As mentioned, debug.ts exposes its helper functions regardless of the value of MATBAS_BUILD. Instead, this is handled at the call sites.

First, the functions are conditionally imported:

//#if _MATBAS_BUILD == 'debug'
import { Span } from '@opentelemetry/api';
//#endif

//#if _MATBAS_BUILD == 'debug'
import { startSpan } from './debug';
//#endif

The spans are also called conditionally. For instance, in the main loop of the REPL:

async function repl(executor: Executor, host: Host) {
  while (true) {
    //#if _MATBAS_BUILD == 'debug'
    await startSpan('read-eval-print', async (_: Span) => {
      //#endif
      try {
        const input = await executor.prompt();
        await executor.eval(input);
      } catch (err) {
        if (err instanceof BaseFault || err instanceof Exit) {
          throw err;
        }

        if (err instanceof BaseException) {
          host.writeException(err);
          return;
        }

        throw RuntimeFault.fromError(err, null);
      }
      //#if _MATBAS_BUILD == 'debug'
    });
    //#endif
  }
}

This helps avoid the performance overhead inherent in adding tracing, and additionally may help simplify stack traces for release build errors.

Entrypoint

The entrypoint is now assembled from templates, using Terraform. This is accomplished with another module, similar in interface to fireball or citree. It is called during Matanuska's build process.

Loose Ends

This work lays the foundations for doing some really cool things with tracing. However, it does leave some loose ends.

Incomplete Instrumentation

First, at the time of this writing, the parser and compiler are not fully instrumented. Spans for large parts of Matanuska are in-place, but the end result is fundamentally not as fine-grained as it was previously. This is intentional, even aside from efforts to cap scope. As mentioned, it's unclear how useful traces are for fine-grained debugging as compared to inspector tools. As such, I decided to fully instrument these components on an as-needed basis. That will hopefully lead to more useful traces long term.

Bugs

Second, there are number of small but significant bugs. One of them is that the root span for the REPL appears to log twice within Jaeger, for unknown reasons.
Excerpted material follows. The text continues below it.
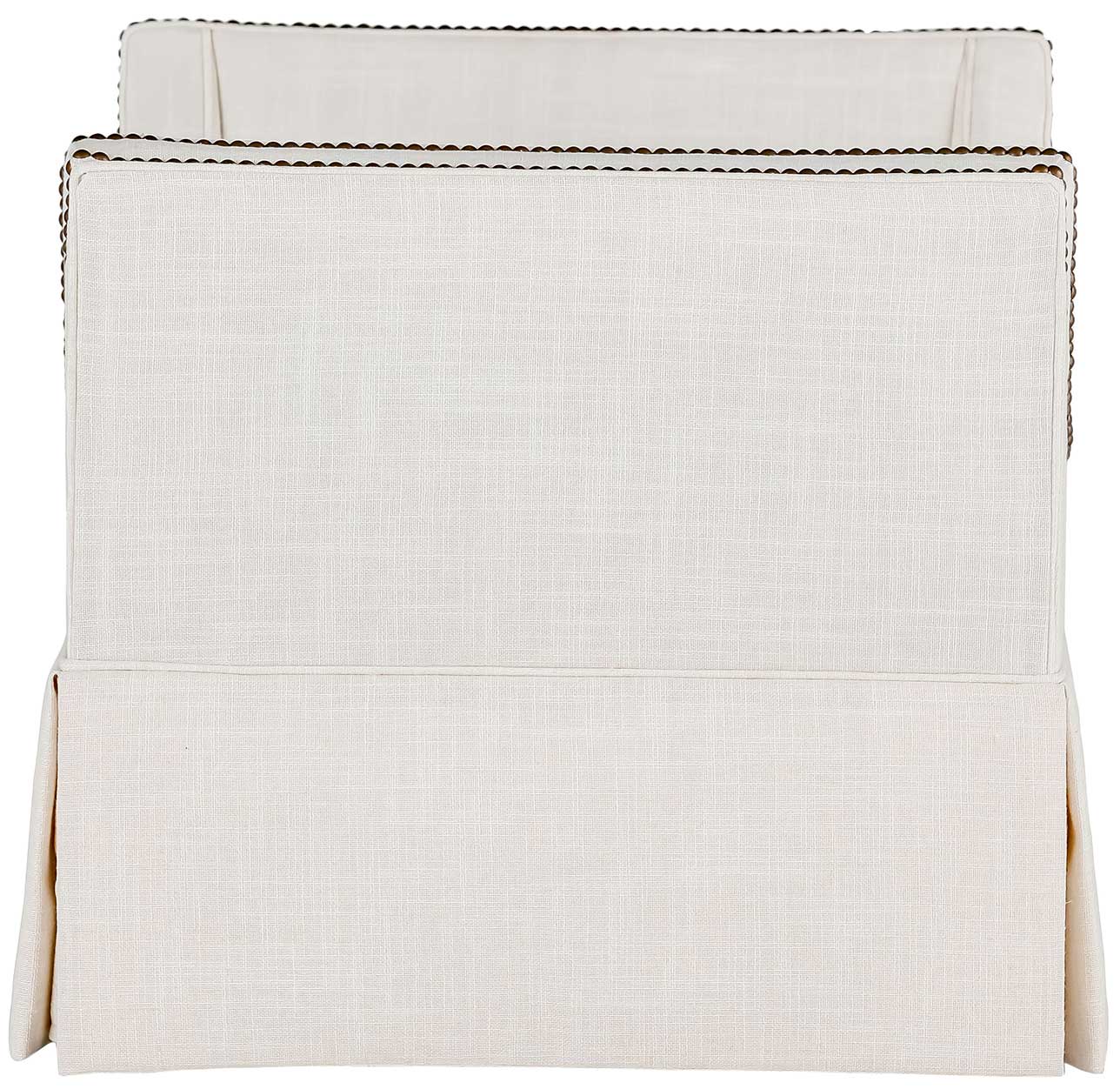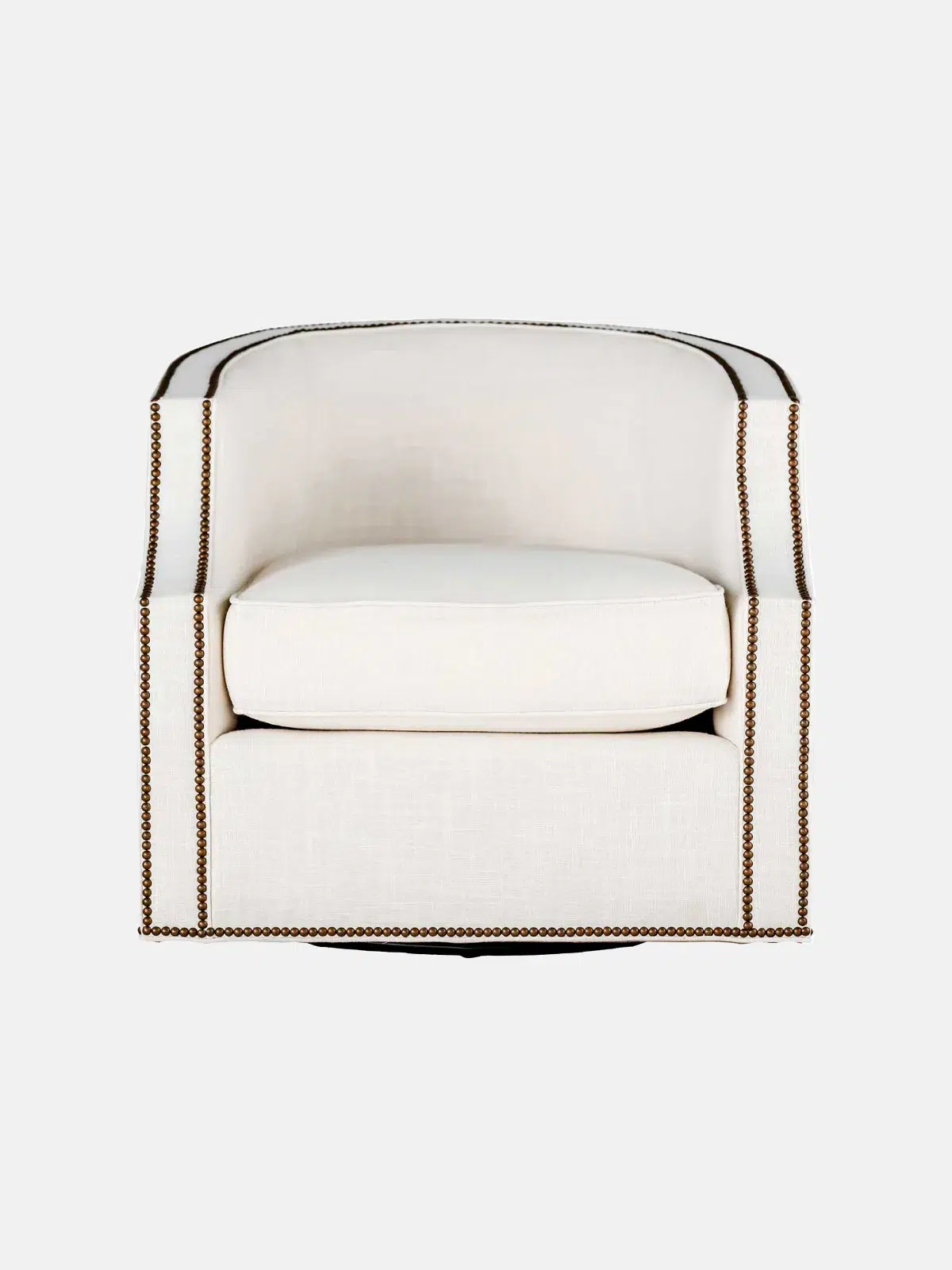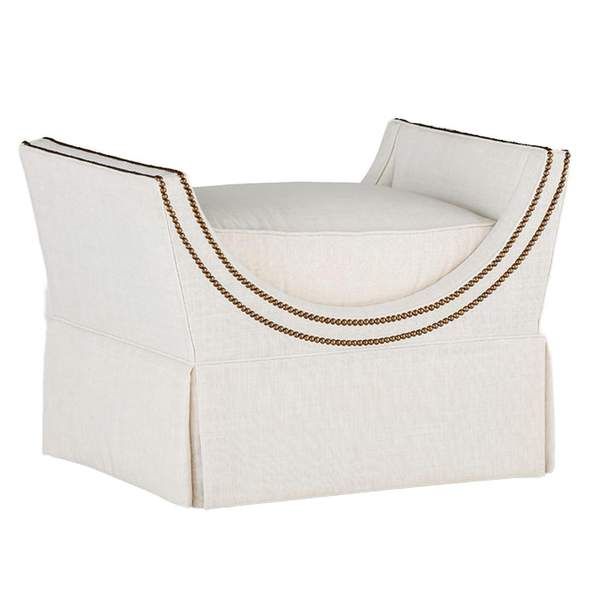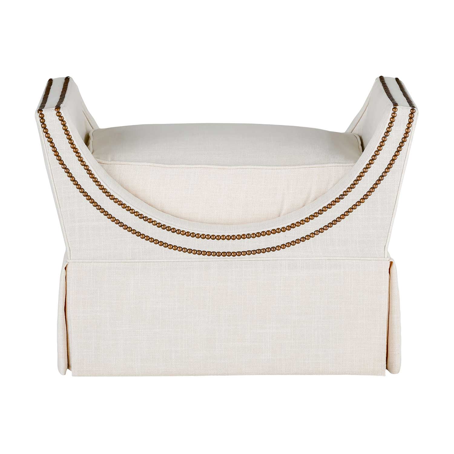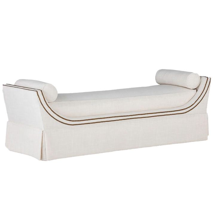 The Gabrielle Bench is a fully upholstered backless bench which features a kick pleat skirt, elegantly curved frame, and two rows of antique brass nailhead trim. Finished with two bolster pillows, this bench adds a rich helping of Hollywood glam to the bedroom.

Another is that spans for script runs are never received at all, likely due to the process exiting before spans can be flushed. OpenTelemetry was largely assumed to be running in the context of long-running applications, and those assumptions are running counter to my current usage. These weren't considered enough to stop me from shipping, but should be addressed eventually.

Jscc Patterns for Non-Telemetry Use Cases

This ADR outlines a series of patterns for use of the debug module. This pattern is new - older features are given default no-op implementations in the debug module. This is because, historically, the problems solved by jscc in all files were being handled through templating in just the debug module. The work to migrate other uses of this module to follow the same patterns is outstanding, as is an ADR discussing how jscc came into the picture.

Debug Logging

Third, there are some questions around debug logging. By default, the SDK will create a DiagLogger if the OTEL_LOG_LEVEL environment variable is set to a valid value, such as info. However, the output is really basic and does not spark joy.

Related is logging from Nestjs, our dependency injection framework. Prior to these changes, I was using functionality on the tracer to log debug information from Nestjs. Now that this is gone, I'm doing so with the default Nest logger.

Between these two, it's tempting to create some shared logging conventions between both Nest and @matanuska/telemetry. However, @matanuska/telemetry should not have a dependency on a given logging library - the implementation should be inline as to avoid instrumentation ordering bugs. Moreover, the OTEL_LOG_LEVEL behavior is relatively difficult to customize and override.

Debugging and Inspecting

Finally, I want to reiterate that the jury is still out in terms of whether or when debugging will be more useful. I deeply suspect that I'll find the debugger more useful in many of the situations I was trying to solve with my Tracer previously. But until I actually have those issues and attempt to use Node's debugging facilities, it will be a mystery. For now, I'm going to include telemetry as a feature, and see where it leads.